重要なのは、 「熱中症か感染症か」を無理に自己判断しないこと です。 特に夏場は、熱中症と感染症が同時期に起こることもあります。


熱中症で見逃してはいけない危険サイン

次のような症状がある場合は、軽症とは考えず、早めの受診や救急要請を検討してください。

  • 呼びかけへの反応が鈍い
  • 意識がぼんやりしている
  • 自力で水分が飲めない
  • 嘔吐を繰り返す
  • まっすぐ歩けない、立てない
  • けいれんがある
  • 体が熱く、皮膚が乾いている
  • 休んでも症状が改善しない
救急車を考える目安:
意識がおかしい、自力で水分が摂れない、けいれんがある、歩けない、ぐったりしている場合は、迷わず救急要請を検討してください。

家庭や現場でできる初期対応

熱中症が疑われる場合は、まず次の対応を行います。

  1. 涼しい場所へ移動する
    エアコンの効いた室内、日陰、風通しのよい場所へ移動します。
  2. 衣服をゆるめる
    ベルトや襟元をゆるめ、熱が逃げやすい状態にします。
  3. 体を冷やす
    首、わきの下、足の付け根など太い血管が通る部位を冷やします。
  4. 水分・塩分を補給する
    意識がはっきりしていて飲める場合は、経口補水液やスポーツドリンクなどを状態に応じて使用します。
  5. 改善しない場合は医療機関へ
    症状が続く、悪化する、自力で飲めない場合は受診が必要です。

なお、意識がはっきりしない人に無理に飲ませると、誤嚥の危険があります。 その場合は水分を飲ませようとせず、救急要請を検討してください。


水だけでは不十分なことがある

現場でよく見られるのが、 「水分補給はしていたけれど、水だけだった」 というケースです。
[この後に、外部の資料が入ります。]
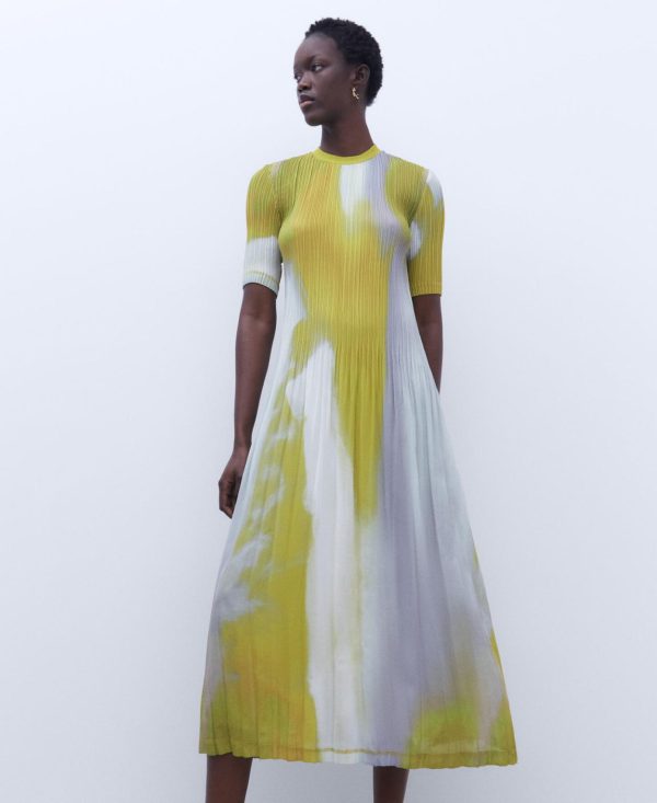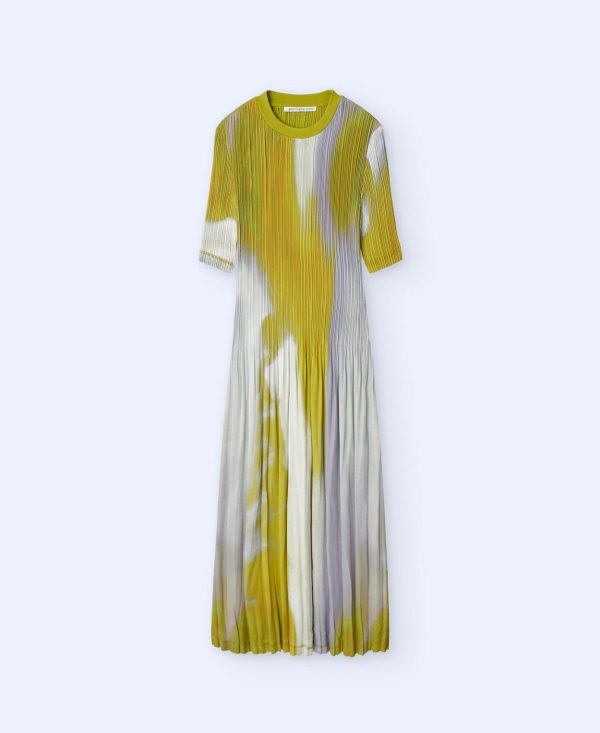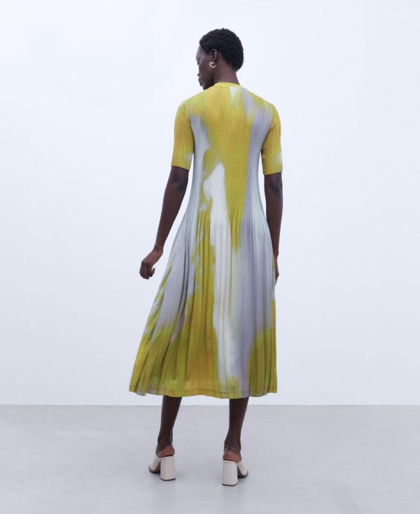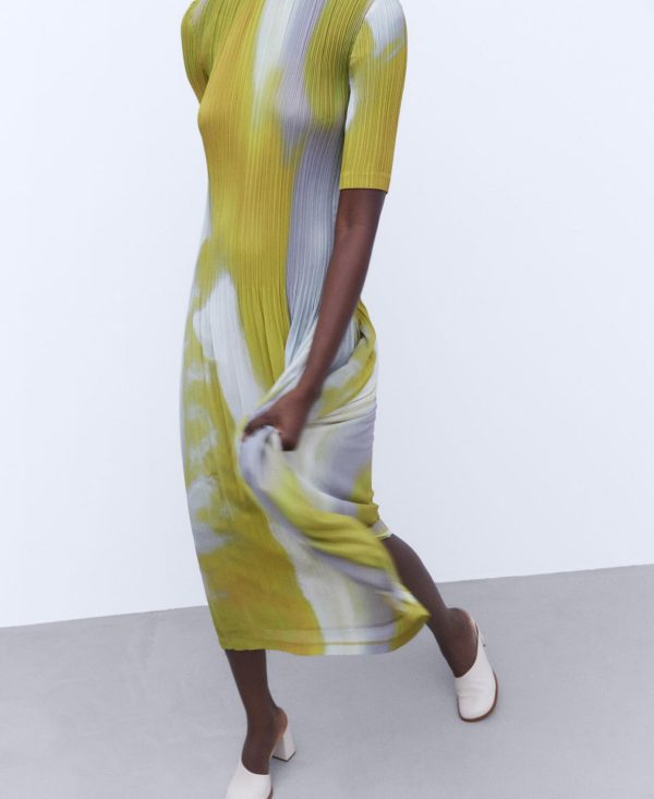 Vestido largo en crinkle. Cuello redondo. Estampado. Manga corta. Dos plisados.
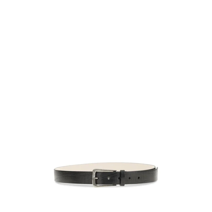 The carved leather Belt with Shimmering Buckle by Brunello Cucinellistands out for its irregular and slightly shiny effect, which gives the leather an original and refined look. The hand-carved detailing enriches the design, while the buckle, crafted using a unique artisanal technique, amplifies the shiny effect of the metal, creating an elegant and refined contrast. An accessory that combines craftsmanship and style, ideal for adding an exclusive touch to any look.

汗を大量にかくと、水分だけでなく塩分も失われます。 その状態で水だけを大量に飲むと、体内の電解質バランスが崩れる可能性があります。

屋外作業、スポーツ、長時間の外出などでは、 水分とあわせて塩分・電解質を補う意識 が大切です。

ただし、腎臓病、心臓病、高血圧などで水分や塩分制限を受けている方は、経口補水液やスポーツドリンクの使用について主治医に確認してください。


夏の体調不良は「熱中症だけ」と決めつけない

夏場は、暑さによる体調不良が増える一方で、新型コロナウイルス感染症、インフルエンザ、感染性胃腸炎などの感染症も起こります。

特に、 発熱に加えて、咳、鼻水、咽頭痛、下痢、周囲の感染状況 がある場合は、感染症の可能性も考える必要があります。

熱中症も感染症も、早期に気づき、早めに対応することで重症化を防ぎやすくなります。 「いつもと違う」「休んでも改善しない」と感じた場合は、早めに医療機関へ相談してください。


まとめ

  • 夏の発熱は、熱中症だけでなく感染症の可能性もある
  • 咽頭痛、鼻水、咳がある場合は感染症も疑う
  • 熱中症は体温だけでなく、意識状態や水分摂取の可否も重要
  • 水だけでなく、状況に応じて塩分・電解質の補給も考える
  • 意識障害、歩行困難、自力で飲めない場合は救急要請を検討する

これから本格的な暑さが続きます。
熱中症を予防するためには、こまめな水分補給、暑さを避ける工夫、無理をしない判断が大切です。

そして、発熱や体調不良があるときは、 「暑さのせい」と決めつけず、感染症の可能性も含めて考える ことが重要です。

この記事が、皆さまの健康管理の一助となれば幸いです。